Startups that promote apps allowing users to share investing information have been cropping up, and many are geared toward young people who are looking to get involved in the stock market — some of them for the first time.

According to a survey from Charles Schwab, 15% of current U.S. stock market investors say they began investing in 2020.

Market participation in the pandemic is growing as people with more time at home and savings look to cash in on wealth-creation opportunities, according to David McDonough, founder and CEO of the app Commonstock.
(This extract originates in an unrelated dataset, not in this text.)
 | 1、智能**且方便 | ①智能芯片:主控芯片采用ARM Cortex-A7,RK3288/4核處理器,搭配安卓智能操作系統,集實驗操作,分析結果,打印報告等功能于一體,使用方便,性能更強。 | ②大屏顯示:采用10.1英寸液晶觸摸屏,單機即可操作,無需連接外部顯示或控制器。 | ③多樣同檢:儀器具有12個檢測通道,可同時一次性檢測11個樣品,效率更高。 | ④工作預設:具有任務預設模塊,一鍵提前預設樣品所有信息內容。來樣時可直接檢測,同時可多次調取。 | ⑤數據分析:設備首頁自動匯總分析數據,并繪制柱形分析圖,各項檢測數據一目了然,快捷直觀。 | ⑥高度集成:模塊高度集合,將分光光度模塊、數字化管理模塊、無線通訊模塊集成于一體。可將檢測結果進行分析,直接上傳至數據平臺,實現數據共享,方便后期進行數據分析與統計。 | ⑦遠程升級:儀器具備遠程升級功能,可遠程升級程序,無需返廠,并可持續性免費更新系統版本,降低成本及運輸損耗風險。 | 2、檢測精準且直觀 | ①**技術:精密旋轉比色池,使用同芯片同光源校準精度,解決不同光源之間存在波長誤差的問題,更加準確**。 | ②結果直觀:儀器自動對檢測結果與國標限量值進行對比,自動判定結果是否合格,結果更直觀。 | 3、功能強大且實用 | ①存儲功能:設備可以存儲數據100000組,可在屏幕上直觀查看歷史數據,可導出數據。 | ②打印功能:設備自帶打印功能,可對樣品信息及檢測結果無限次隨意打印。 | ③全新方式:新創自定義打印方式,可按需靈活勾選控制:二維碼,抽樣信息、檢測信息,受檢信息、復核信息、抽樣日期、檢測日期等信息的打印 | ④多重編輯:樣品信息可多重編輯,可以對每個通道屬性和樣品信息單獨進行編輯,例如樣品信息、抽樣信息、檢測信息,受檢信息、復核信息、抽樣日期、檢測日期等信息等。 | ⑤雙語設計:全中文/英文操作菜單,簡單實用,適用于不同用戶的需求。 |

The social platform enables investors to share information about their holdings and market news.

“When young people got stimulus checks, the popular thing to do was invest it,” McDonough said. “That’s a remarkable, transformational change in society.”

McDonough spoke to “Marketplace” host Kai Ryssdal about the rise of social trading apps and young investors’ participation in the stock market during the pandemic.

The following is an edited transcript of their conversation.

David McDonough: When I step back, you know, that growth rate can’t persist forever. You know, it’s a cyclical, sort of breathing thing, where there was a lot of excitement in January, the market has cooled off in the short term, but it will come roaring back in terms of participation. And that’s healthy. That’s a good thing.

Kai Ryssdal: I guess my point, though, is that it is kind of cyclical. And if you and I had this conversation, 15th of February last year, right before the bottom fell out, you know, it would have been a different kettle of fish, as it were.

McDonough: Yes. I mean, I think there’s some historical context that I need to give, right, where, you know, I got started in 2008, at the very bottom of the financial crisis, right? And over the decade, since everybody sort of in my age group watched this 10-year-plus, you know, bull run. So the moment the market actually plummeted in March, that’s where you saw this influx, this flood of people who’ve been on the sidelines, who kind of missed the last run, who are now saying, “This is my time to, you know, jump in and participate in the next wealth-creation opportunity.” And that’s where we are today.

David McDonough (Photo courtesy Megan Stinson)

Ryssdal: So what is your guess on what market participation looks like coming out of this pandemic? If we’ve got a bunch of younger people piling in now, do you think the percentage of people actually actively in the market is going to increase substantially?

McDonough: When young people got stimulus checks, the popular thing to do was invest it. That’s a remarkable, you know, transformational change in society. And so it’s really interesting to see, especially the acute event that happened in January, you know, this old adage of invest in what you know. Well, young people know memes, and they know internet culture. They know that their friends all like Peloton, and they’re discovering their force as the most meaningful market participant.

Ryssdal: But are memes and internet culture a good, solid long-term investing strategy?

McDonough: Well, for sure, this is actually what Commonstock is looking to improve because it’s great that everyone’s on Reddit talking about markets and investing. I want to harness this energy for, I guess, a little less risky and positive outcomes, if that makes sense.

Ryssdal: Yeah, it does. What I hear you saying is we need some guardrails, right? Because, look, as we learned with GameStop and some of the more unfortunate episodes there, this can go bad in a big, bad hurry.

McDonough: Depends on the definition of “bad.” You know, one of the things that I think is really valuable, especially for younger investors, is to get exposure to the risks and learn that powerful lesson. Then it sticks with you for life.

Ryssdal: Yeah, but if you lose the rent money when you’re 23, that’s gonna be a tough month for you.

McDonough: Certainly. And by the way, I actually would caveat this with, the vast majority of people are actually not really taking, you know, these superrisky bets like that. The more common outcome is they will put money in some things that are more safe, sometimes more risky. And actually, this is the value of losing an investment at 23. You don’t lose it at 33, when you have two kids and a mortgage, where it’s way more damaging.